The numbers of slices and mice tested have been added in the figure 1 legend, line 143.

Reviewer 3 Report

Dear authors,

This elegant study by Bensalma et al describes the molecular mechanisms implicated on VIP/PACAP system effects on glioblastoma migration and invasiveness. This is in line with previous studies from this team. The methodologies used are adequate and the results are very robust and well presented. Two minor comments are as follows:

Concerning the results with VIP or PACAP treatments on U87 on the wound healing model (Figure 2B), it is previously reported that these cells express mainly the PAC1 receptor, which is selective for PACAP. Nevertheless, borth peptides seem to exhibit the same effect at the same concentrations. What is the explanation for this unexpected result?
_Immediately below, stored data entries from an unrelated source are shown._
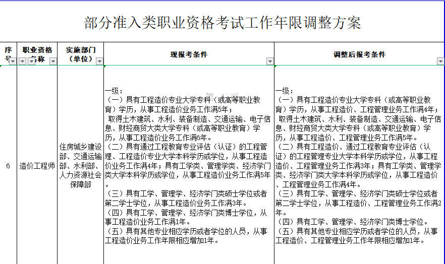 为贯彻落实《政府工作报告》要求,推动降低就业门槛,我部会同国务院有关部门研究制定了部分准入类职业资格考试工作年限调整方案。现予以公示,公示期7天。如有意见建议,请于2021年12月9日之前通过电话、电子邮件等形式反馈人力资源社会保障部专业技术人员管理司。
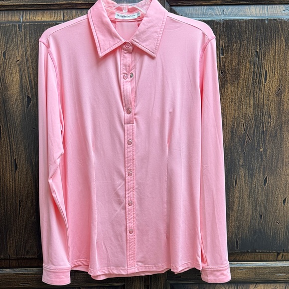 Stylish pink button-up shirt with a classic collar vented back for airflow. Perfect for casual rodeo occasions.
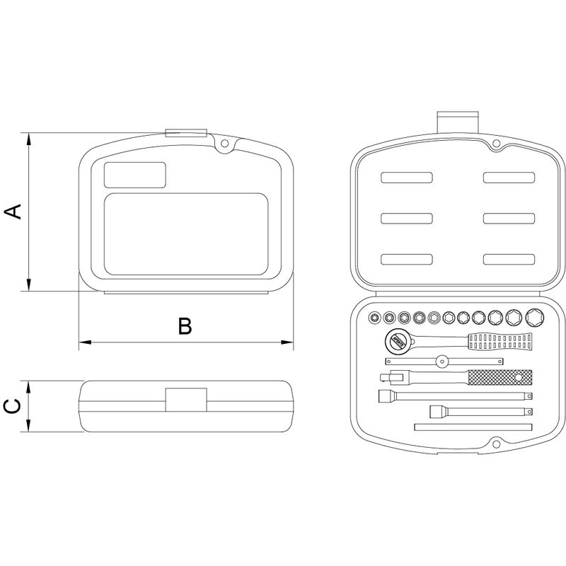 Maletín Con Dados Y Accesorios 1/4" 17 Piezas - Milímetros Tramontina Pro
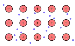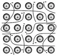 Ilustrace kovové vazby - volné elektrony se pohybují mezi kladně nabitými ionty
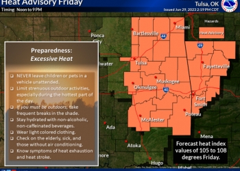 According to the National Weather Service in Tulsa, heat index values are expected to be near 107 degrees on Friday, prompting the advisory. The weather service says hot temperatures and high humidity will combine to create a dangerous situation in which heat illnesses are possible. The heat advisory does not include Osage County in Oklahoma or Chatauqua County in Kansas. However, officials still urge caution across the entire region.
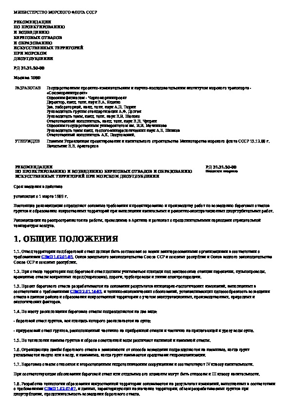 РД 31.31.50-88: Рекомендации по проектированию и возведению береговых отвалов и образованию искусственных территорий при морском дноуглублении
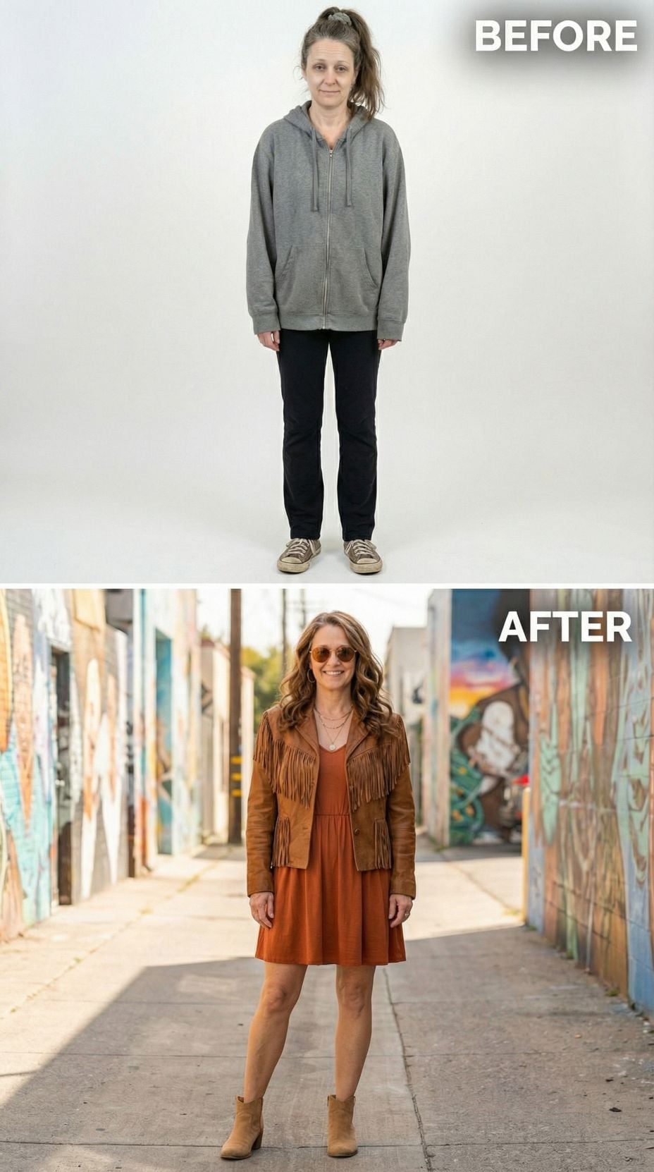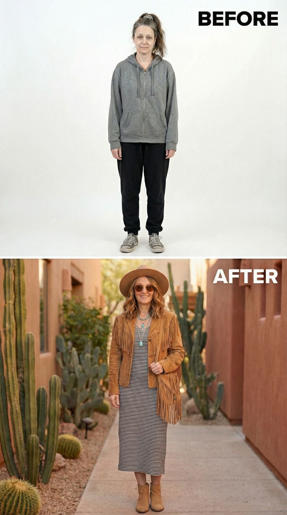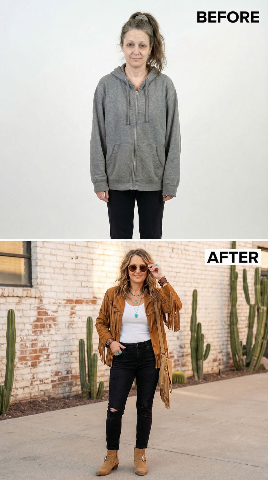 Fringe transforms everything in this southwestern-inspired makeover that trades dowdy gray hoodies for caramel suede perfection. The brown leather jacket with cascading fringe details creates movement and edge, while turquoise jewelry adds authentic desert vibes. Distressed black jeans and tan ankle boots ground the look with rock-and-roll attitude. Round sunglasses complete this boho transformation that screams festival-ready confidence.
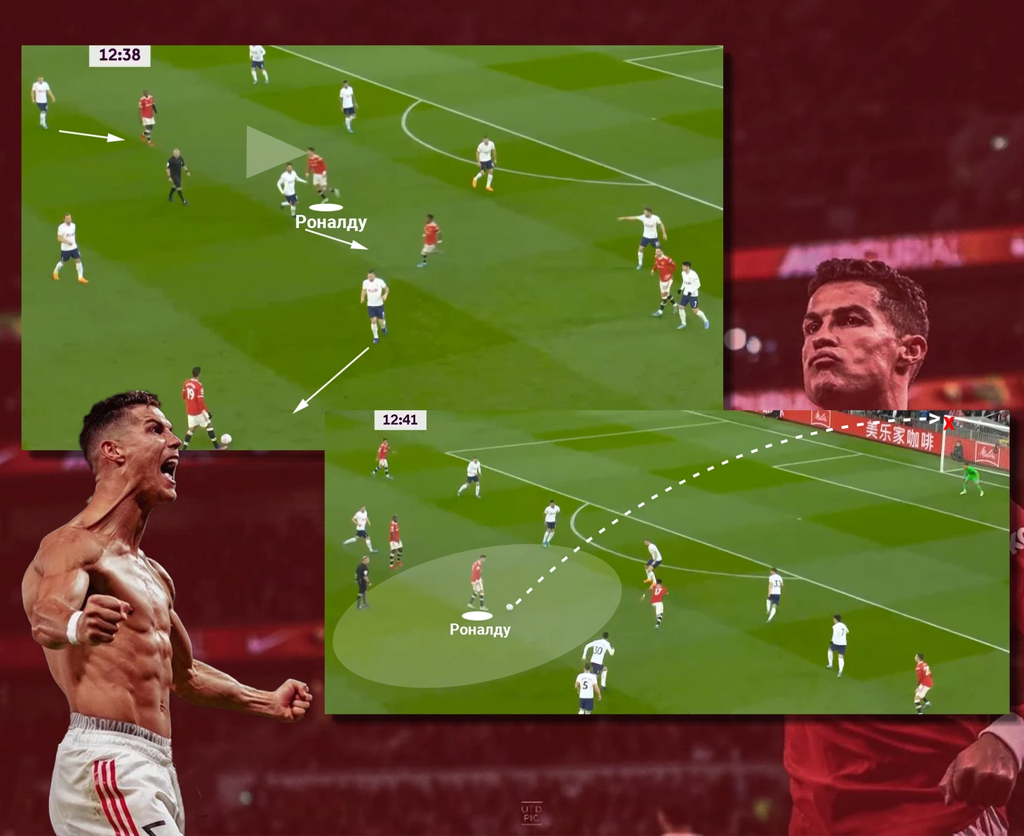 В эпизоде с первым голом португалец блестяще проанализировал ситуацию и выбрал позицию для удара. Погба,Фред и Варан заострили внимание полузащитников на себе, а центральные защитники не стали подниматься за Роналду. Удар. Гол.

What VIP/PACAP receptor is targeted by VIP10-28, and why was this molecule chosen?

Author Response

Dear authors,

This elegant study by Bensalma et al describes the molecular mechanisms implicated on VIP/PACAP system effects on glioblastoma migration and invasiveness. This is in line with previous studies from this team. The methodologies used are adequate and the results are very robust and well presented. Two minor comments are as follows:

Thanks a lot for these encouraging comments on our work. We appreciate.

Concerning the results with VIP or PACAP treatments on U87 on the wound healing model (Figure 2B), it is previously reported that these cells express mainly the PAC1 receptor, which is selective for PACAP. Nevertheless, borth peptides seem to exhibit the same effect at the same concentrations. What is the explanation for this unexpected result?

This is a very good question and comments and references have been added in the duscussion in this respect. See from line 261.

What VIP/PACAP receptor is targeted by VIP10-28, and why was this molecule chosen?

This is a very good question and comments and references have been added in the duscussion in this respect. See from line 263.